Given material ->
____________________

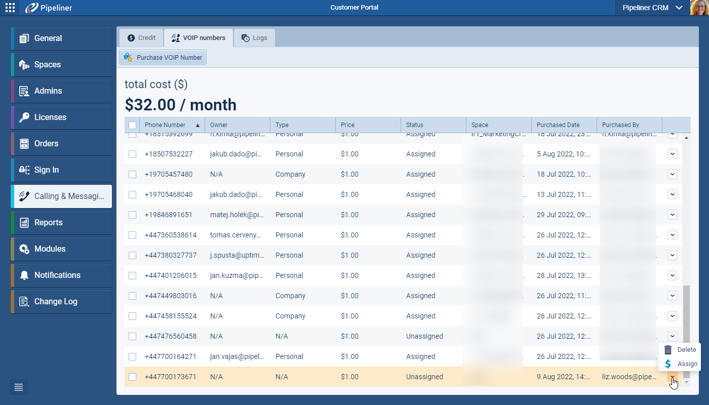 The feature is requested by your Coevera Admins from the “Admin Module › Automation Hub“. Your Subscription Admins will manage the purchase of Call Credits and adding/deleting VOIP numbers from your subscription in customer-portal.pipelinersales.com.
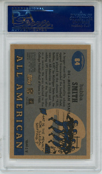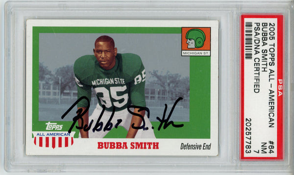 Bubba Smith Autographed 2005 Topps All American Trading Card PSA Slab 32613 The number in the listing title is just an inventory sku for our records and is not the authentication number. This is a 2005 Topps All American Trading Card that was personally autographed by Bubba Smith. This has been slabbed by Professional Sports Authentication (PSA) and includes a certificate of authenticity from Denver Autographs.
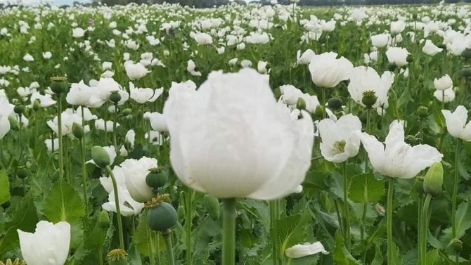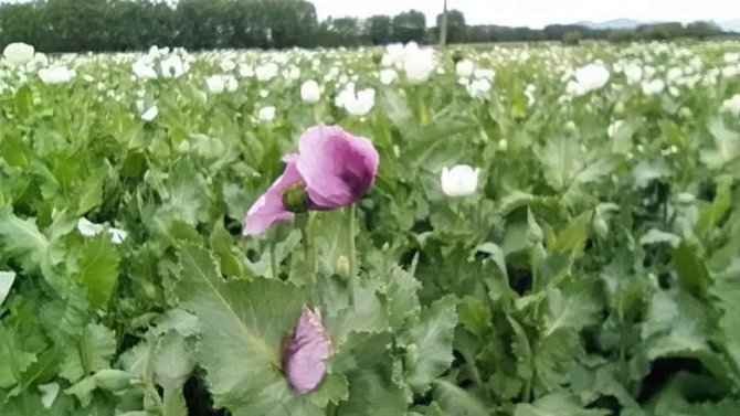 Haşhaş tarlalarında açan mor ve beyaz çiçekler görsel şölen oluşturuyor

____________________

Task requirements -> Set down the data above word for word, leaving every picture out.

Expected answer ->
 The feature is requested by your Coevera Admins from the “Admin Module › Automation Hub“. Your Subscription Admins will manage the purchase of Call Credits and adding/deleting VOIP numbers from your subscription in customer-portal.pipelinersales.com.
 Bubba Smith Autographed 2005 Topps All American Trading Card PSA Slab 32613 The number in the listing title is just an inventory sku for our records and is not the authentication number. This is a 2005 Topps All American Trading Card that was personally autographed by Bubba Smith. This has been slabbed by Professional Sports Authentication (PSA) and includes a certificate of authenticity from Denver Autographs.
 Haşhaş tarlalarında açan mor ve beyaz çiçekler görsel şölen oluşturuyor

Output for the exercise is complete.